((

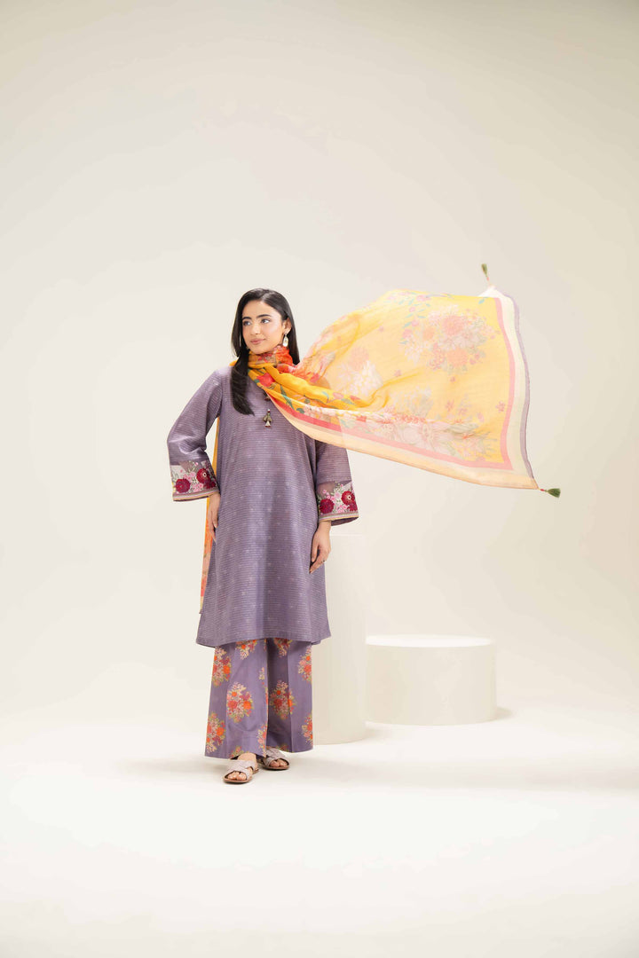 Enhance the value of the entire clothing with this printed embroidered three-piece suit from the latest pret summer collection.
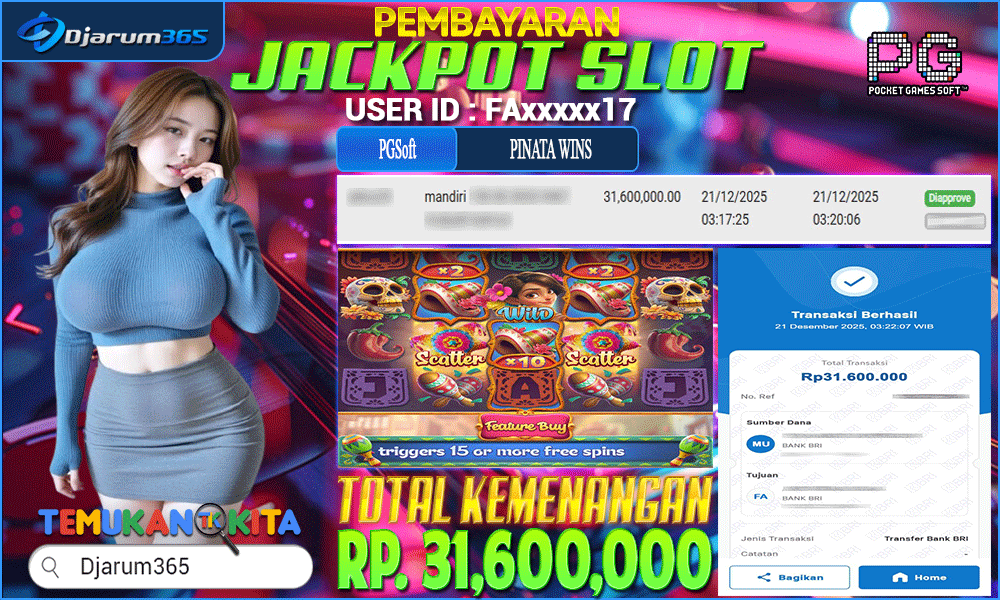PEMBAYARAN KEMENANGAN RP 31,600,000 KEMENANGAN BERAPAPUN PASTI DIBAYAR – Kami dari pihak Djarum365 ingin juga menyampaikan selamat kepada User Id : FAxxxxx17 mendapatkan kemenangan pada PG SOFT PINATA WINS Total kemenangan sebesar Rp 31,600,000 Slot Indonesia Terpercaya ini terus memberikan peluang besar bagi para pemain untuk meraih kemenangan serupa! Dengan kemenangan itu pihak DJARUM365 juga langsung melakukan pembayaran dan withdraw yang sudah di lakukan oleh member dalam waktu secepatnya tanpa harus menunggu lama !!
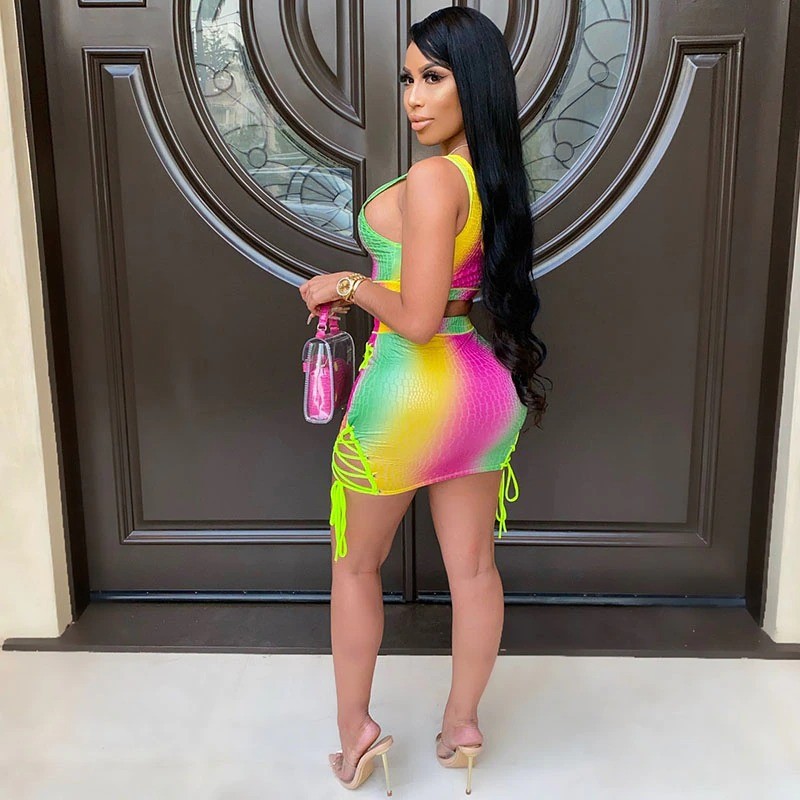 Ladies' Colourful Crop Top and Skirt B1157
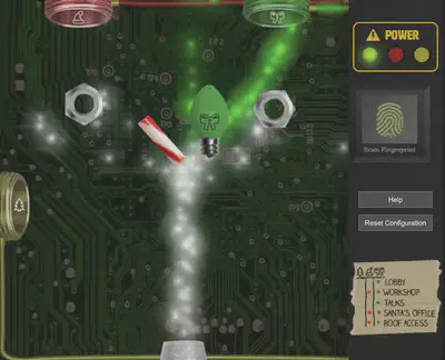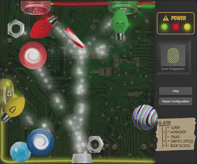 This one was less on the technical side and more on the creative side of things. After arranging the collected objects in a specific manner, the Santavator can be “hacked” to work. The image below shows my configuration.
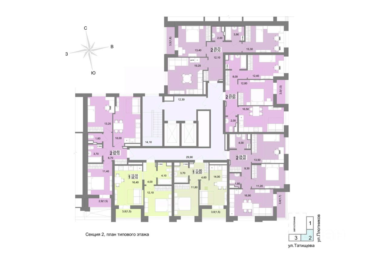 Общая площадь67,4 м2
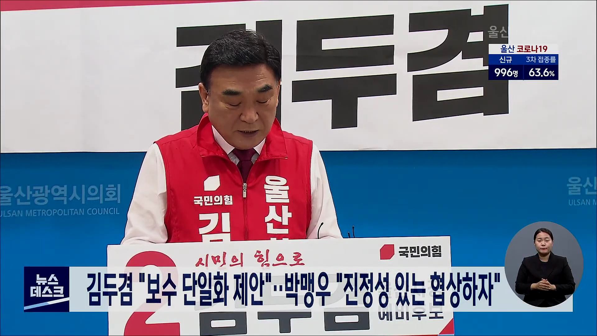 국민의힘 김두겸 울산시장 후보가 무소속 박맹우 후보가 제안한 '보수단일화 협상 제안'을 수용했습니다. 김 후보는 성명을 통해 보수 단일화 필요성을 서로 확고하게 공감하고 있는 만큼 협상에 나설 계획이라고 설명했습니다. 박맹우 후보는 김 후보 측의 제안을 환영한다며 진정성이 있다고 판단하고 협상할 것이라고 밝...
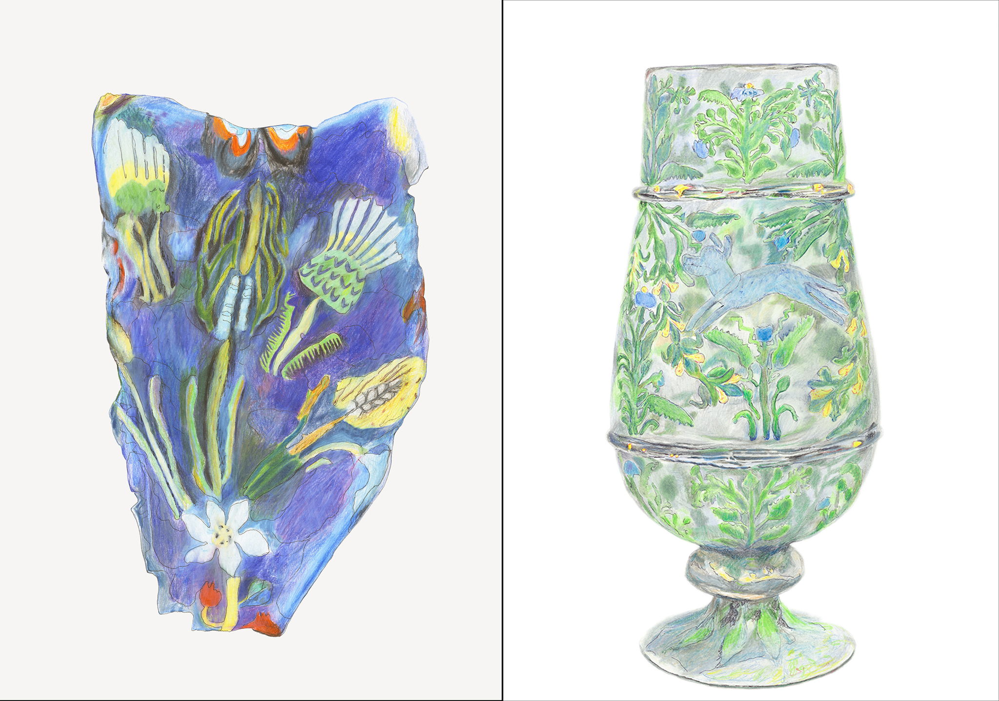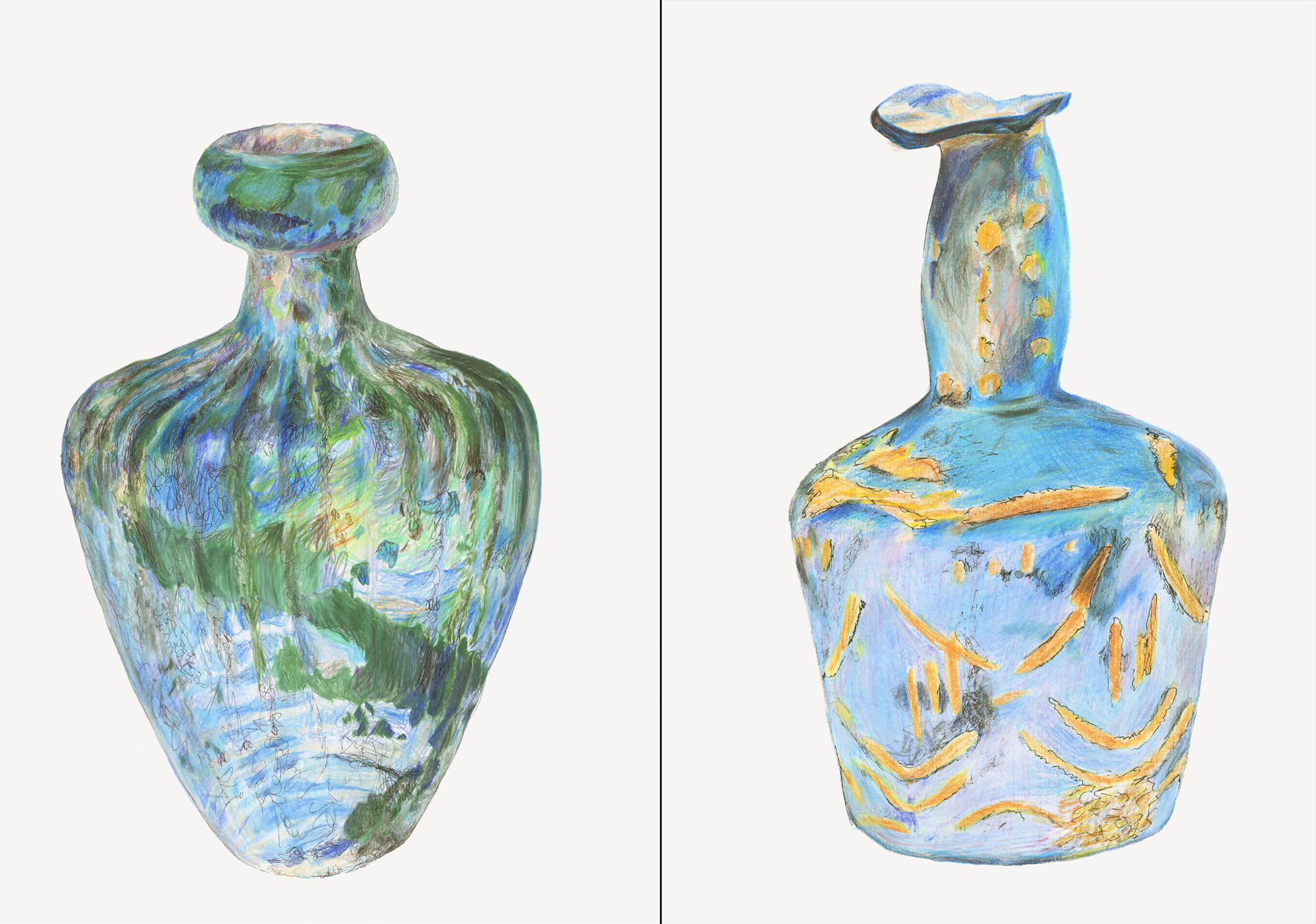 このシリーズでモチーフとして選んでいるのは、透明な器や、柔らかな土からできた土器、ちらばったガラスの破片です。これらは全て、かつて容れ物としてなにかを受け止める機能を持っていたものです。

))

In the copy, include each line from the start of the material through the line with "국민의힘 김두겸 울산시장", word for word, but none of the pictures.

 Enhance the value of the entire clothing with this printed embroidered three-piece suit from the latest pret summer collection.
PEMBAYARAN KEMENANGAN RP 31,600,000 KEMENANGAN BERAPAPUN PASTI DIBAYAR – Kami dari pihak Djarum365 ingin juga menyampaikan selamat kepada User Id : FAxxxxx17 mendapatkan kemenangan pada PG SOFT PINATA WINS Total kemenangan sebesar Rp 31,600,000 Slot Indonesia Terpercaya ini terus memberikan peluang besar bagi para pemain untuk meraih kemenangan serupa! Dengan kemenangan itu pihak DJARUM365 juga langsung melakukan pembayaran dan withdraw yang sudah di lakukan oleh member dalam waktu secepatnya tanpa harus menunggu lama !!
 Ladies' Colourful Crop Top and Skirt B1157
 This one was less on the technical side and more on the creative side of things. After arranging the collected objects in a specific manner, the Santavator can be “hacked” to work. The image below shows my configuration.
 Общая площадь67,4 м2
 국민의힘 김두겸 울산시장 후보가 무소속 박맹우 후보가 제안한 '보수단일화 협상 제안'을 수용했습니다. 김 후보는 성명을 통해 보수 단일화 필요성을 서로 확고하게 공감하고 있는 만큼 협상에 나설 계획이라고 설명했습니다. 박맹우 후보는 김 후보 측의 제안을 환영한다며 진정성이 있다고 판단하고 협상할 것이라고 밝...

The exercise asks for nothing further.